Raisebore Stability app
This app was developed by Ezra Drieka as part of his Master of Geotechnical Engineering at the University of Exeter (2023). His thesis report covers the detailed background of Raisebore Stability that this documentation summarises. This app uses the Rock Mass Classification for Raisebored Shafts (Qr) from McCracken and Stacey (1989)
Supported Data Types
- Input Rock Mass Classification data (Q system) from the Rock Mass Data Suite (direct link, no need to further manipulation)
- Need to assign in mXrap Orientation rating and Weathering rating
Key Features
- Can use Q values from data or calculate Q from Q’ and
- Jw and SRF columns
- Override Jw
- Auto-Calculated SRF from topography survey or mean surface level
- Can adjust the orientation rating and weathering rating for each hole, for different depth along the borehole OR assign default values for all unspecified borehole
- Critical Parameters charts…
- Maximum Stable Unsupported Span (MSUS) charts and tables…
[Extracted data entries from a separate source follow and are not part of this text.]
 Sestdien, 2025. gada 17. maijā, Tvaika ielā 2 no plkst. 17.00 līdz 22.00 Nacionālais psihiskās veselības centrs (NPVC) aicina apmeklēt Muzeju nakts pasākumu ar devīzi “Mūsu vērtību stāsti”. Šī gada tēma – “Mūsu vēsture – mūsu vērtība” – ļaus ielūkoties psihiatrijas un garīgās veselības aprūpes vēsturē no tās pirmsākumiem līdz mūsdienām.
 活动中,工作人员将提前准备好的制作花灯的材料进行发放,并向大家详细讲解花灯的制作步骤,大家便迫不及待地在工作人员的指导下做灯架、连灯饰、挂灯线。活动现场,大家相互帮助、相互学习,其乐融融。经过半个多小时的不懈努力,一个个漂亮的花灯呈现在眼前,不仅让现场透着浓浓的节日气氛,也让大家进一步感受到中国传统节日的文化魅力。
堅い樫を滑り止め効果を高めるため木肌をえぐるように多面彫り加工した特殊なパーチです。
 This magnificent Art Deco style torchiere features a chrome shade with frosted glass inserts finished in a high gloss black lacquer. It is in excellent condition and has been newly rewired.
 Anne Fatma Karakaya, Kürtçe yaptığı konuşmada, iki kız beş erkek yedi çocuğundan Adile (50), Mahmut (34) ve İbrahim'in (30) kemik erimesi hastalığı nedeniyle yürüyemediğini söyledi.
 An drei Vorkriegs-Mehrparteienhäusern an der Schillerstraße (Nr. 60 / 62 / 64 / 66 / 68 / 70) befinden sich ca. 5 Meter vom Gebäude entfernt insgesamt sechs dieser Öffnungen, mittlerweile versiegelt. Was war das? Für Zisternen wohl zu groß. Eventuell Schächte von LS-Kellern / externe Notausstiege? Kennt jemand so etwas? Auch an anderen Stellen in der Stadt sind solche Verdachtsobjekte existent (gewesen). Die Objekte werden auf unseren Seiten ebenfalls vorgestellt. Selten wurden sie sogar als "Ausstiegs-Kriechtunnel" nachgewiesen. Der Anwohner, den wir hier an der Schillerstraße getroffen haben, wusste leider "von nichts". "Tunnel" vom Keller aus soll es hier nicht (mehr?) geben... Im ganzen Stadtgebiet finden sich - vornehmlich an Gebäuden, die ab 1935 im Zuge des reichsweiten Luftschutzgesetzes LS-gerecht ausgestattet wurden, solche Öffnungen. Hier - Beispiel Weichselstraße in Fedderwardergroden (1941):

- Summary tables of Qr and MSUS for all holes and 3D view
- Kirsch solution
Overview video
Theory
Rock Mass Classification for Raisebored Shafts (Qr)
McCracken and Stacey (1989) proposed an updated version of rock mass classification for raisebored vertical shaft developed from the Q-system, which was originally developed for horizontal underground openings (Barton et al., 1974). In addition to the Q-value, additional conditions that are considered to assess the raisebore stability by the M&S methods are: wall, orientation, and weathering adjustments. Wall adjustment - The shaft wall as opposed to the excavation roof controls final stability. Orientation adjustment - The orientation of the shaft with respect to structural features. Weathering adjustment - The weatherability of the rock mass.
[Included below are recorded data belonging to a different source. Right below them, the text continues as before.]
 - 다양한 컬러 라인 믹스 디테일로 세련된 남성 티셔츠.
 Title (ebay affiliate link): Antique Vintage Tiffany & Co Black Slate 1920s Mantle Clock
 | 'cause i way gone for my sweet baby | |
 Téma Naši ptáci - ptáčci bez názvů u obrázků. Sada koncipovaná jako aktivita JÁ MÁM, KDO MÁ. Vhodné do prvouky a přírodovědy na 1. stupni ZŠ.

The rock mass raise bore quality is calculated by multiplying the original Q-value of the rock mass with adjustment factors as seen below: Qr = Q x wall adjustment x orientation adjustment x weathering adjustment
Maximum Stable Unsupported Span (MSUS)
The MSUS represents the maximum diameter of the raise that can be constructed before it fails. MSUS is calculated as MSUS (metre) = 2 x RSR x Q0.4
Figure below illustrates the relationship between MSUS and the Q-value at a RSR of 1.3 (from Peck and Lee, 2007 after McCracken and Stacey, 1989):
In general, it is not sufficient to just analyse the variation of MSUS with depth. The range and distribution of other critical parameters such as the raise-bore rock quality (Qr), and the RQD/Jn and the Jr/Ja parameters should also be considered and compared to the required minima for stability at the proposed shaft diameter (Lyle et al., 2017; Peck et al., 2011; Penney et al., 2018).
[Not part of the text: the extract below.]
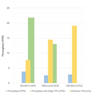 SSD-MobileNet-v2: With an inference time of 68.96 ms and a COCO mAP score of 60.99%, the quantized version of this model strikes a good balance between speed and accuracy. The floating point version can be used for a decent boost in accuracy with only a slight reduction in speed.
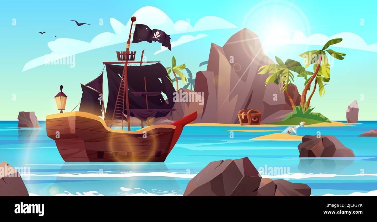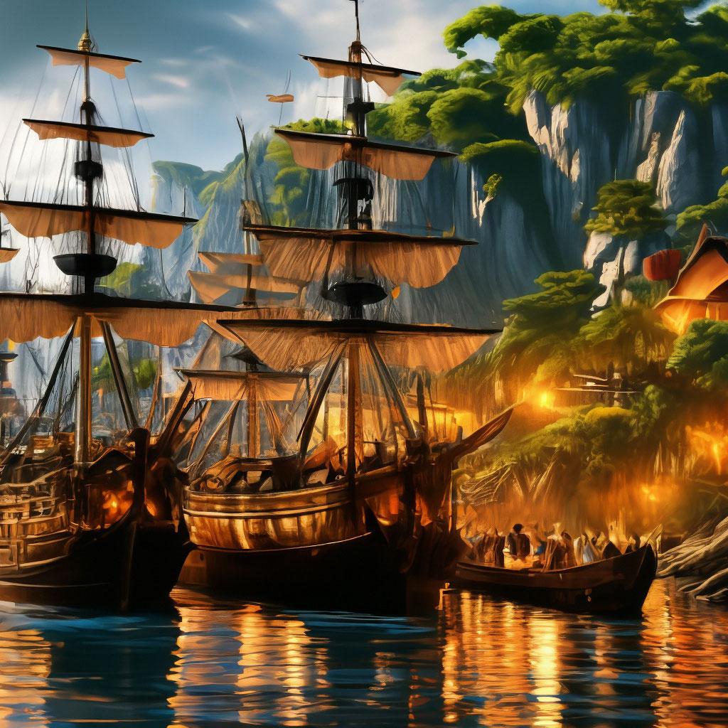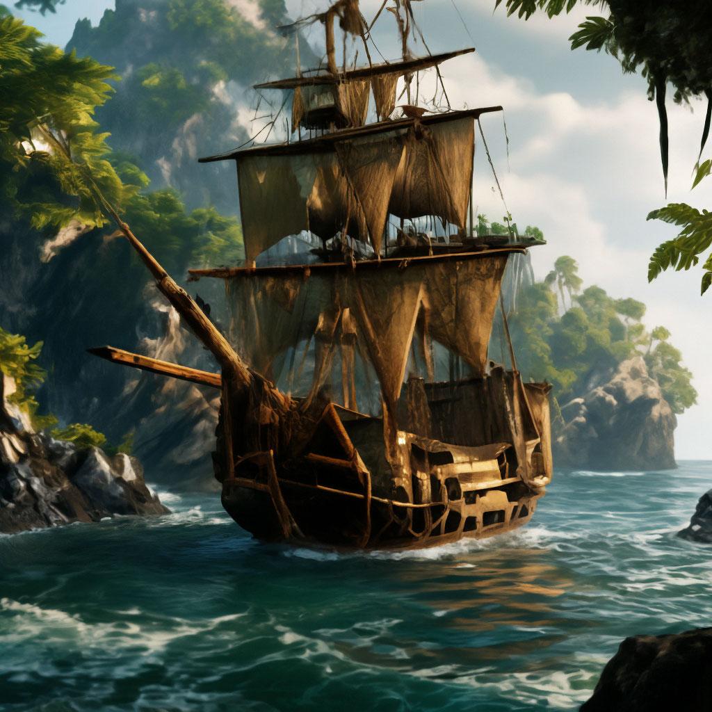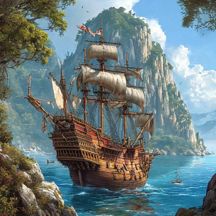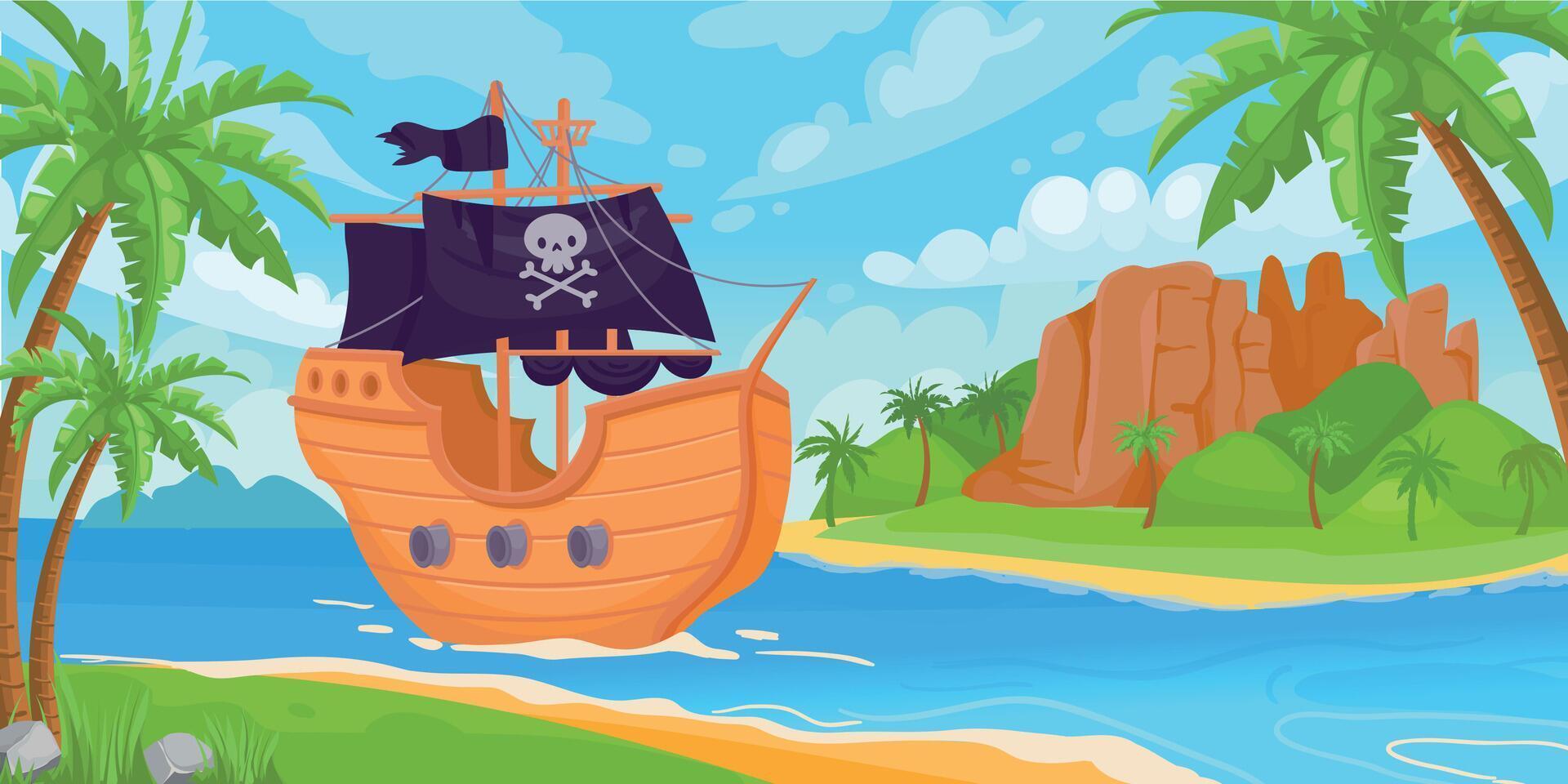 Пиратский корабль и остров

Lower-bound Qr value and Logging Interval
The lower-bound Qr value is a critical geotechnical parameter in the M&S method for determining the maximum diameter at which a raise can be reamed without exceeding the acceptable probability of failure. Based on the updated database, which includes up to 139 raisebore case studies (with more than 50% from Australian mines and the rest from international locations), a lower bound Qr value of 0.35 was suggested as the limit of collapsed raise bores regardless of the dimension of the openings (Penney et al., 2018). This updated value represents an increase from the previous similar study where a Qr value of 0.3 was indicated, and it was associated with a 70% probability of instability (Peck et al., 2011).
Raises with low values of Qr, less than 0.1, face a high probability of collapse or significant overbreak, approximately 90%, regardless of the proposed raise diameter (Peck and Lee, 2007). Based on their research, they found that for raise diameters ranging from 3 to 6 meters and lower-bound Qr values between 0.1 and 1.0, raisebore performance varies from stable to collapsed (Peck and Lee, 2007). Additionally, for lower-bound Qr value greater than 1, there is a very high probability of a stable raise, meaning a higher likelihood of successful construction and stability.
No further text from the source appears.